This question from MWG 8.B.7

Any strictly dominant strategy must be a pure strategy.

How can I show this?

My explanation is as follows:

Suppose we have a strictly dominant strategy, $\sigma_i$ . Suppose further that $\sigma_i$ is not a degenerate pure strategy. Then $\sigma_i$ cannot strictly dominate any pure strategy for which $\sigma_i$ specifies playing with positive probability. Hence $\sigma_i$ cannot be strictly dominant. Thus, $\sigma_i$ must be a degenerate pure strategy if it is to be strictly dominant.

But I guess this is just an explanation what I thought.
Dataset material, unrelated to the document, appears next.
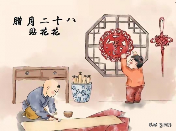 "廿八贴红花",春联、门神、福字、窗花一应俱全。

How can I prove this sentences mathematically?


1 Answer 1


Fix any $\sigma_{-i}$. Assume $\sigma_i$ is strictly dominant but not a pure strategy. Let $X$ be the support of $\sigma_i$. Since $\sigma_i$ strictly dominates all pure strategies $s_i\in X$, we have $$\pi_i(\sigma_i,\sigma_{-i})>\pi_i(s_i,\sigma_{-i})$$ for all $s_i\in X$. This implies $$\sigma_i(s_i)\pi_i(\sigma_i,\sigma_{-i})>\sigma_i(s_i)\pi_i(s_i,\sigma_{-i})$$ for all $s_i\in X$. Summing up gives $$\sum_{s_i\in X}\sigma_i(s_i)\pi_i(\sigma_i,\sigma_{-i})>\sum_{s_i\in X}\sigma_i(s_i)\pi_i(s_i,\sigma_{-i})=\pi_i(\sigma_i,\sigma_{-i}),$$ implying $$\pi_i(\sigma_i,\sigma_{-i})\sum_{s_i\in X}\sigma_i(s_i)>\pi_i(\sigma_i,\sigma_{-i})$$ and hence $$\pi_i(\sigma_i,\sigma_{-i})>\pi_i(\sigma_i,\sigma_{-i}),$$ which is a contradiction.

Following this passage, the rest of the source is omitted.